My observation earlier on that there are reasons for much therapeutic literature avoiding the reciprocal truth that touching oneself is a subjective act and feeling the touch of oneself is also a subjective act. Obviously, and I guess most of us would think straight away that touching oneself is a sexual act. I used the touching of the hand very deliberately to point out that most touching oneself really isn’t sexual at all. It is the assumption that self touching is automatically sexual that points to the origin of the avoidance in the literature: religious prohibitions on the self.  The pleasure centres of the body are avoided, and sometimes mutilated, in many places in the world. We, in the West, mutilate our own perception by ignoring it. The therapeutic literature, including much somatic psychotherapy, avoid it by a leap to the pathologization, real or not, of the subjective sense of touching oneself, as though the world isn’t already pathologically disinclined to notice the ordinariness of being a subjective self.  How good it is then to simply reclaim the most basic of senses, the sensation of touch as something received by the self and given by the self.
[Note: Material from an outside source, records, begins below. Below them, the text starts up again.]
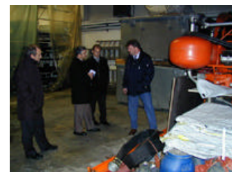
Inspecting spill combating equipment.
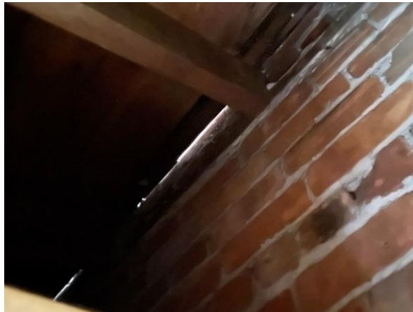
Daylight observed on South Low-roof
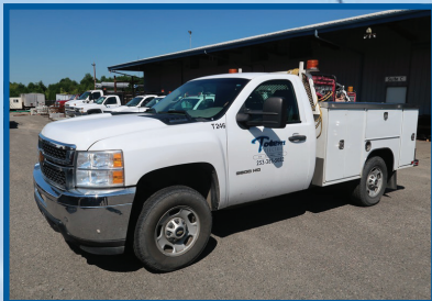
2014 CHEV 2500HD
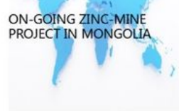
ON-GOING ZINC-MINE PROJECT IN MONGOLIA
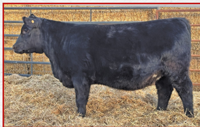
LOT 50 – 2 TEN RITA 9G90-G95

      Restoring touch as the primal sense is becoming, I believe, increasingly necessary as more and more young people only know themselves through the lens of others, and only knowing themselves thus, to mutilate their own bodies through starvation, cutting, out of control sex practices, and so on. Only knowing yourself as an object of another is to be detached from elemental feelings of being actually here, right now, in the world, feeling able to make choices, being able to identify what this subject needs right now, as opposed to fulfilling entirely the desires of the other.
      Feel the hand touching the hand and feeling the hand being touched and knowing yourself is the beginning of being real in the world and the beginning of non-projected being for self and others.